Pole Propped in Room

Tags:
1. Feb 17, 2015

minimario

1. The problem statement, all variables and given/known data
A uniform pole is propped between the floor and the ceiling of a room. The height of the room is 7.80 ft, and the coefficient of static friction between the pole and the ceiling is 0.576. The coefficient of static friction between the pole and the floor is greater than that. What is the length of the longest pole that can be propped between the floor and the ceiling?

2. Relevant equations
Torque = F * d

3. The attempt at a solution
We consider the forces:

We first have the x-force balance: $0.576 n_1 = \mu_2 n_2$

And the y-force balance: $mg = n_2-n_1$

And the torque balance: $\frac{L}{2} mg \cos \theta + L n_1 \cos \theta = L 0.576 n_1 \sin \theta$. We can cancel the L and multiply by 2: $mg \cos \theta + 2 n_1 \cos \theta = 1.152 n_1 \sin \theta$. ($\theta$ is the bottom angle the pole makes with the ground)

But from the torque equation, we only have $mg = n_2-n_1$ so how do we make the $n_2$s cancel?

2. Feb 17, 2015

DEvens

What you calculated is the condition required such that the pole does not fly upward or sink through the floor. Good.

Now calculate the condition required such that the upper end does not slide across the ceiling.

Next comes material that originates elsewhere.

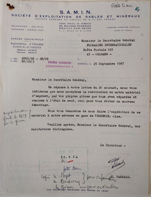 Le 10 août 1967, M. Pannard, Directeur carrière de Roberval écrit qu'il est heureux d'avoir pu dépanner l'AFO avec les pièces gracieusement prêtées. En revanche il est dans l'impossibilité de commander le flector et le ressort de suspension et conseille de s'adresser à l'Entreprise Patry, 23 rue de la Boétie à Paris 8ème.

If the rod was perfectly vertical there would be zero horizontal force, and so it will not slide. The question is claiming that at some point the rod's weight will cause it to slide. You have set things up in terms of the angle theta. How does theta relate to the length of the rod?

3. Feb 17, 2015

minimario

If $L$ is the length of the rod, then $L \sin \theta = 7.08$. How do you set up the condition required such that the upper end does not slide across the ceiling?

4. Feb 22, 2015

minimario

Anyone can answer the above question?

5. Feb 23, 2015

haruspex

I would assume all available poles are of the same mass per unit length.